Meat is highly perishable and spoilage is driven by microbial activity and endogenous enzymes leading to biochemical changes including TVB–N, which encompasses primary, secondary, and tertiary amines [39]. These changes are associated with undesirable flavors and potential toxicity [40]. Dietary supplementation with SBE effectively delayed the accumulation of TVB–N during storage, suggesting an improvement in shelf-life stability. Although TVB–N levels increased over time in all groups, the SBE–300 consistently maintained the lowest TVB–N level at all storage time points. Notably at 60 h, the TVB–N level was significantly lower than that of the Blank group and remained below the national limit (25 mg/100 g) (p < 0.05). These outcomes align with the antioxidant/antimicrobial effects reported for plant polyphenols; however, causal attribution cannot be established here because lipid oxidation and microbial loads were not directly quantified.
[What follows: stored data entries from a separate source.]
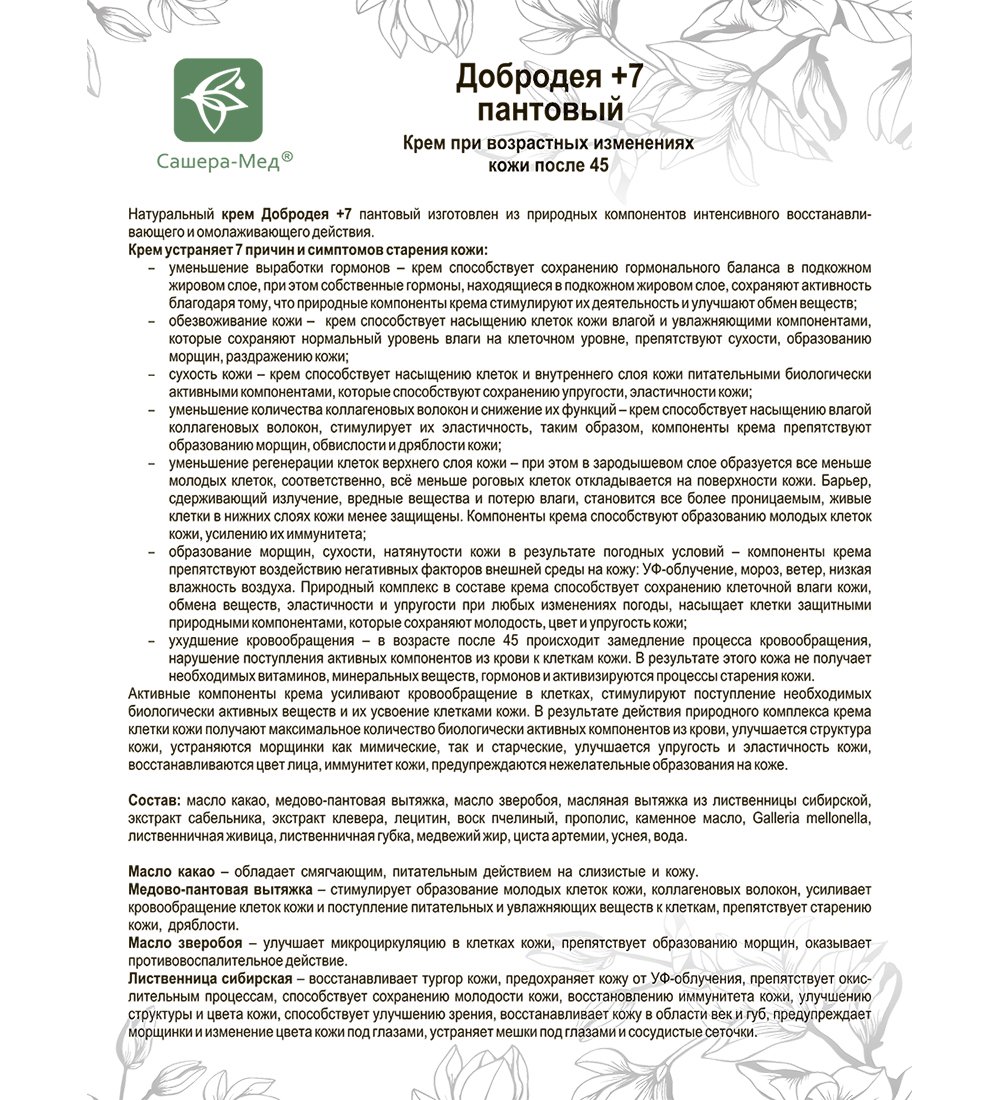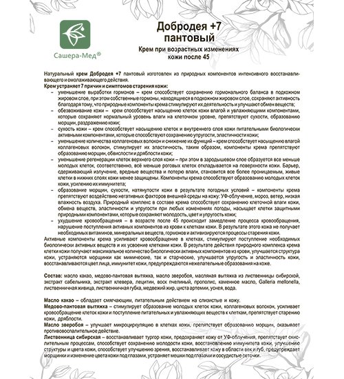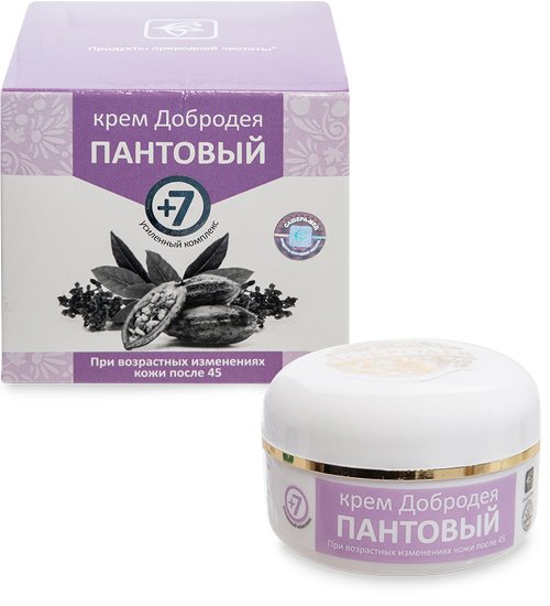Натуральный крем Добродея +7 пантовый изготовлен из природных компонентов интенсивного восстанавливающего и омолаживающего действия.
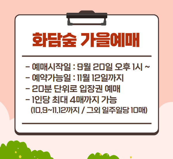 가을단풍시즌 화담숲의 예매는 따로 예매가능날짜가 있는데 바로 9월 20일 오후 1시부터입니다.
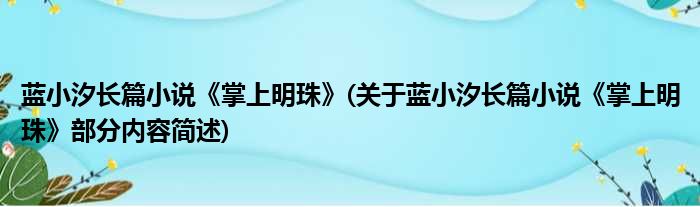 导读 大家好,今天小方来说说一篇关于蓝小汐长篇小说《掌上明珠》,关于蓝小汐长篇小说《掌上明珠》部分内容简述的文章,那么现在就为大家来简单

Future work should integrate TBARS and microbial profiling to establish causal links. Polyphenols and flavonoids in plant extracts are known for scavenging free radicals, stabilizing membrane structure, inhibiting lipid oxidation, and limiting protein degradation [41,42]. Although no microbial counts or oxidative rancidity were measured in this study, the reduced TVB–N accumulation with SBE indicates a potential delay in spoilage progression.
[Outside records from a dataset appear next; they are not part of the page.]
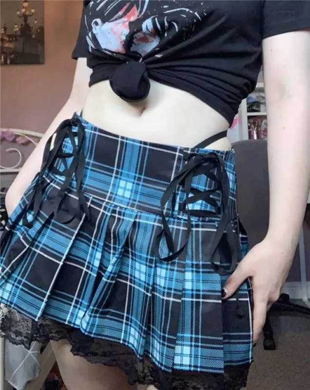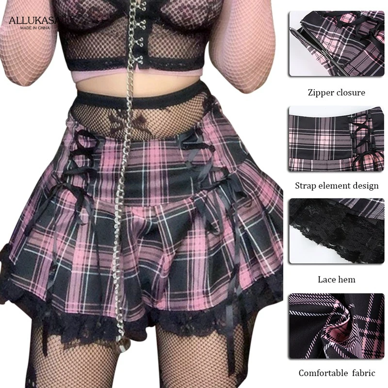Allukasa Новая Сексуальная кружевная клетчатая плиссированная юбка в розовую полоску в клетку в стиле панк темная Академия одежда для E-Girl Y2k юбки
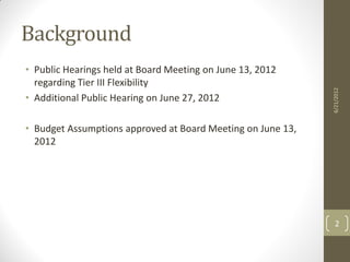 The document summarizes a school district's 2012-13 budget, which relies on $5 million in deficit spending. It notes reductions in property tax estimates and plans to sweep funds into reserves. Projected deficits are $11 million for 2013-14 and $10 million for 2014-15. The assistant superintendent recommends adopting the proposed annual budget and continuing efforts to reduce expenses, increase revenues, and communicate financial information to the community.
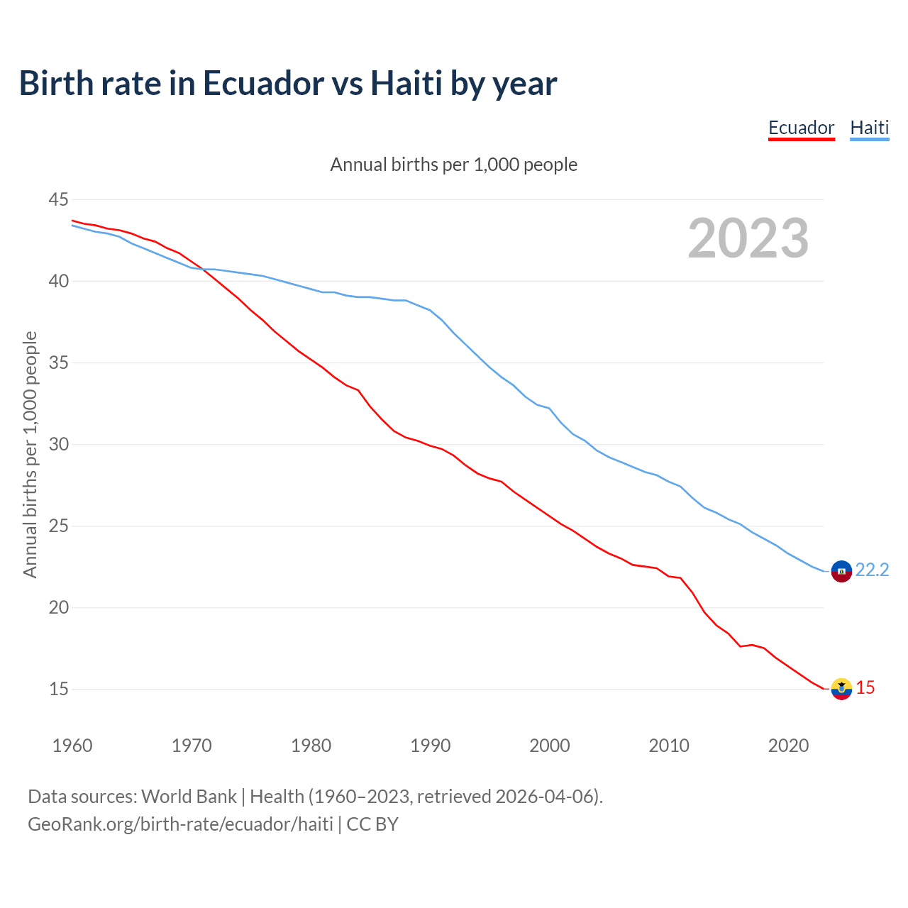 Ecuador has an annual birth rate of 15 births per 1,000 people, compared to 22.2 for Haiti. The average number of children a woman is expected to have during her lifetime — the fertility rate, is 1.82 in Ecuador and 2.66 in Haiti — 45.7% difference.
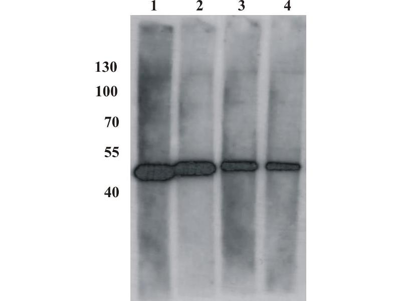 - Westernblot: 1/500 – 1/2000. Immunofluorescence: 1/1000. Immuniprecipitation. Antibody working titer has to be established practically for each particular antigen and assay format

In this study, 300 mg/kg emerged as an effective inclusion level that achieved most of the desirable improvements in meat quality. Higher supplementation (400 mg/kg) provided no further significant gains in key metrics (for instance, shear force and total amino acids were statistically similar between 300 and 400 mg groups), indicating diminishing returns beyond 300 mg/kg. Considering practical factors (feed additive cost and potential taste effects at high dosage), 300 mg/kg can be considered a suitable dose for SBE under our experimental conditions.
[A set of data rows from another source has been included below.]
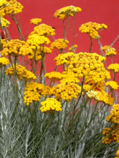 Der lateinische Name Helichrysum bezieht sich auf die „sonnengoldfarbenen“ Blütchen (helios=Sonne, chrysum=Gold), der „Zweitname“ italicum bezieht sich auf die Herkunft der sehr, sehr sonnenhungrigen Krautes, das man für einen leichten Currygeschmack tatsächlich in diversen Gerichten (kurz) mitkochen kann.
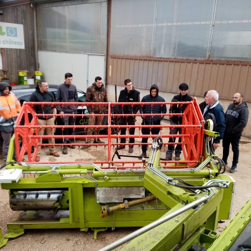 Rassemblés au hangar de la Cuma de Séverac la Château, une douzaine de chauffeurs de moissonneuse batteuse de l’Aveyron, pour la plupart salariés, ont participé fin Mars à une formation sur le réglage et l’utilisation des moissonneuses batteuses, organisée par la FDCUMA et la FRCUMA Occitanie.
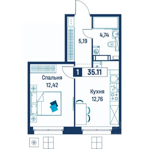 Продаётся 1-комнатная квартира в строящемся доме (Корпус 6), срок сдачи: III-кв. 2029, общей площадью 35.11 кв.м., на 5 этаже.
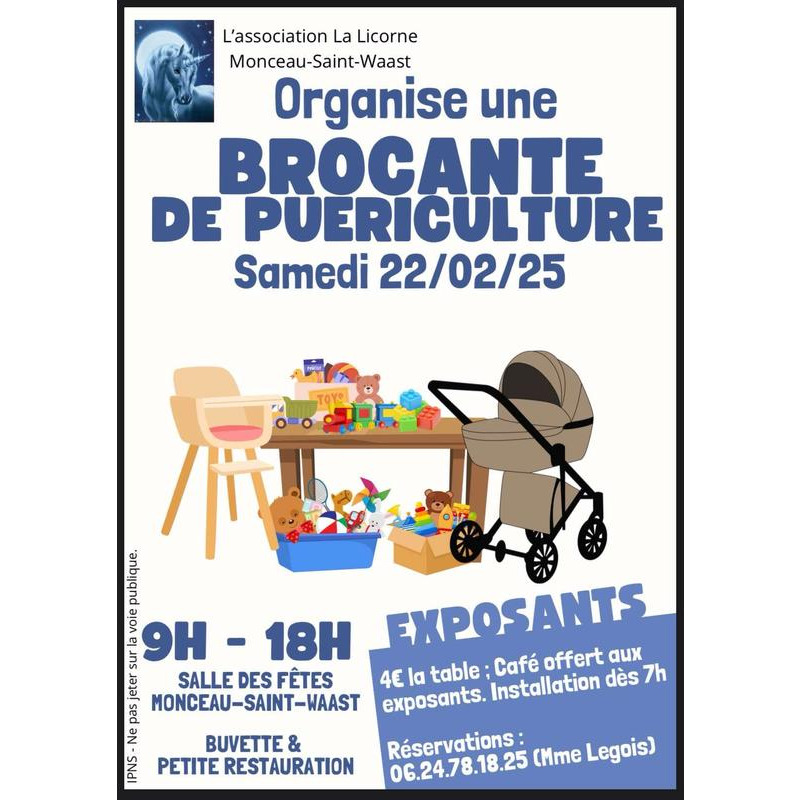 L'association la licorne de monceau saint-waast organise sa traditionnelle brocante de l'enfant (jouets vêtements puériculture) à la salle des fêtes de monceau saint-waast le samedi 22/02/2025 de 9h à 18h. Buvette et petite restauration sur place.
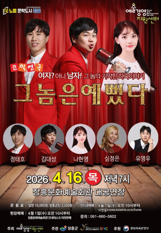 티켓 예매는 4월 1일 오전 10시부터 티켓링크와 장흥문화예술회관 현장 예매를 통해 할 수 있다. 관람료는 전석 1만 원이며 장흥군민은 70% 할인된 3천 원에 구매할 수 있다.
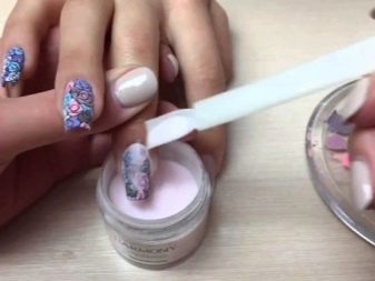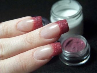 Отличной заменой пудре-меланж является акриловая. Это полимерный порошок, используемый при наращивании ногтей. Она может быть цветной или прозрачной, с различными добавками. Качество и дизайн от этого не ухудшатся. Прочность также высокая. Во время нанесения на поверхность ногтя пудра перемешивается с мономером и становится твердой. Этот вариант часто используют для декоративного оформления ногтей, так легче всего сформировать различные узоры, сделать ровное покрытие. Есть несколько вариантов технологий маникюров с акриловой пудрой:

In the present meat-quality trial, 300 mg/kg SBE produced the most pronounced overall improvements among the tested doses, including lower shear force, more favorable a* values, a higher proportion of UAA and EAA, and slower TVB–N accumulation. Increasing the inclusion level to 400 mg/kg did not yield further significant gains in these traits, indicating diminishing returns for meat quality beyond 300 mg/kg. Thus, within the specific context of this experiment and when considering meat-quality traits alone, 300 mg/kg can be regarded as the most effective inclusion level among the tested doses. However, when our previous growth-performance results [12] are taken into account showing that 100–200 mg/kg improved body weight and average daily gain and feed efficiency, whereas 300 mg/kg impaired growth, 100–200 mg/kg remains the more appropriate supplementation range for routine commercial production. From a practical standpoint, 300 mg/kg SBE might be better positioned as a short-term finishing strategy in systems where maximizing meat quality is prioritized over maximal growth rate, and its economic viability should be evaluated case-by-case based on ingredient prices and market premiums for high-quality meat.

5. Conclusions

In this study, the effects of dietary SBE (0–400 mg/kg) on the meat quality of yellow-feathered broilers were systematically evaluated. The results showed that moderate SBE supplementation significantly improved sensory acceptability (broth freshness, tenderness), stabilized key physicochemical indices (higher a* and pH; lower shear force), and slowed freshness loss (lower TVB–N), SBE–00 performed best, with higher organoleptic scores, a more favorable amino-acid profile (higher UAA/EAA), moderated pH decline, and tighter TVB–N control. Taken together, an inclusion level of 300 mg/kg (SBE–300) produced the most pronounced improvements in meat-quality traits under the conditions of this experiment. Nevertheless, in light of our previous growth-performance study [12], which indicated that 100–200 mg/kg SBE improved growth and feed efficiency whereas 300 mg/kg reduced final body weight and average daily gain, 100–200 mg/kg should still be considered the preferred supplementation range for routine commercial production. Future studies should integrate growth performance, meat quality, and a full economic evaluation (including cost per kg of weight gain) within a single experimental design to refine dose recommendations for different production goals.